**Collected data:**
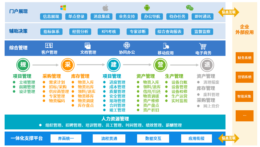 集物资供应链治理、工程项目治理、人力资源治理于一体,,,形成无缝数字化的营业治理一体化管控平台。。。平台统筹妄想项目立项、招投标、工程设计、采购、仓储、工程施工等营业,,,横向上突破各部分的营业壁垒,,,实现营业之间信息的意会;;;;;纵向上增强对信息的透明监控,,,提高总部对下级单位的管控力度,,,降低治理本钱,,,确保焦点资源价值的最大化。。。
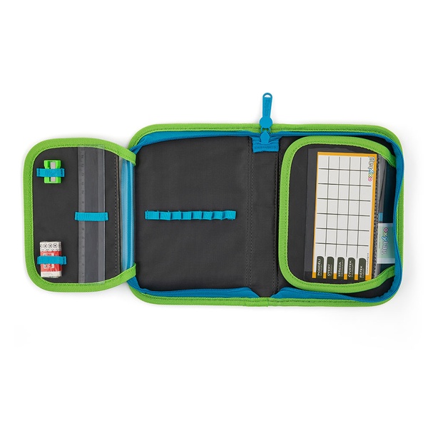 Einstöckiges Schulmäppchen mit 2 Klappen, leer enthält 25 Gummischlaufen zur Aufnahme von Schreibwaren.
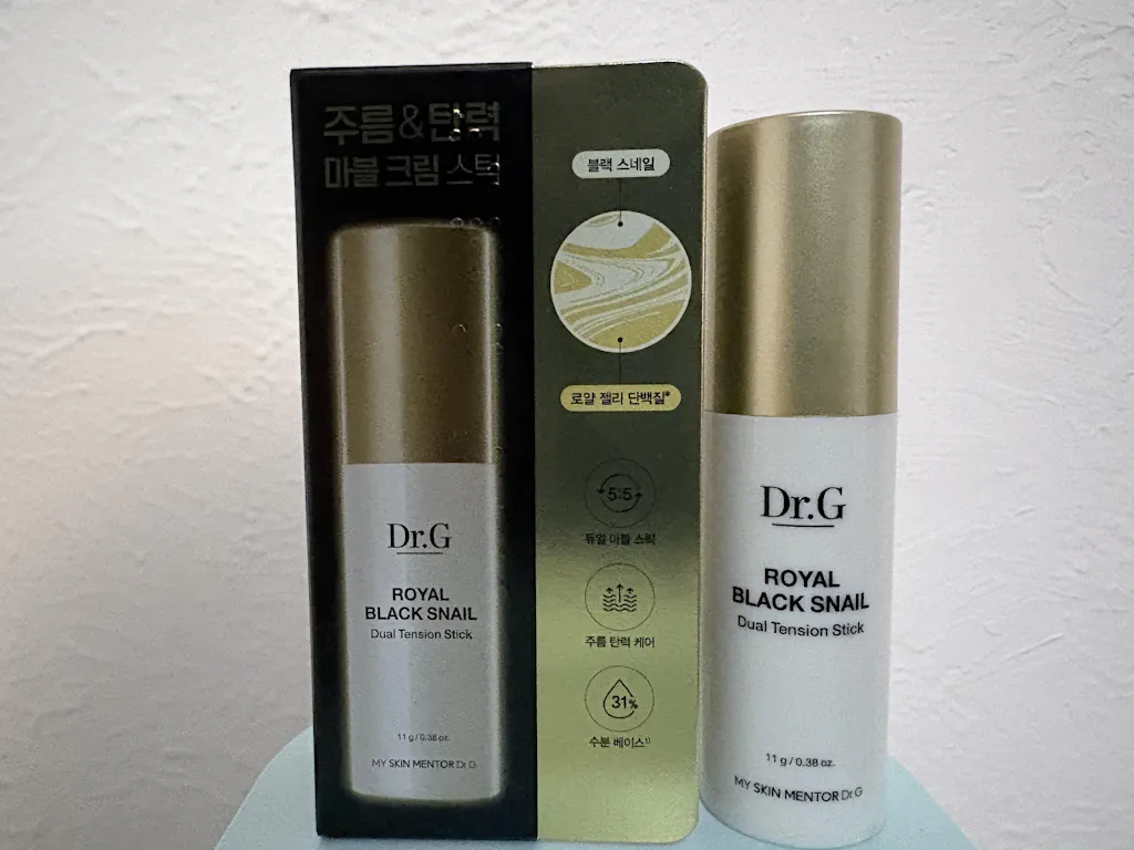 The Dr.G Royal Black Snail Dual Tension Stick is a unique anti-aging skincare product enriched with snail mucilage filtrate and royal jelly extracts, designed to stimulate collagen production and restore skin elasticity. Its non-sticky, moist solid cream formulation in a convenient stick form offers intensive care for wrinkles, making it ideal for targeted application.

**Exercise aim:** Reproduce verbatim every line starting at the line that holds "Einstöckiges Schulmäppchen mit" and ending with the final line of the data; omit the pictures.

**Answer to this task:**
 Einstöckiges Schulmäppchen mit 2 Klappen, leer enthält 25 Gummischlaufen zur Aufnahme von Schreibwaren.
 The Dr.G Royal Black Snail Dual Tension Stick is a unique anti-aging skincare product enriched with snail mucilage filtrate and royal jelly extracts, designed to stimulate collagen production and restore skin elasticity. Its non-sticky, moist solid cream formulation in a convenient stick form offers intensive care for wrinkles, making it ideal for targeted application.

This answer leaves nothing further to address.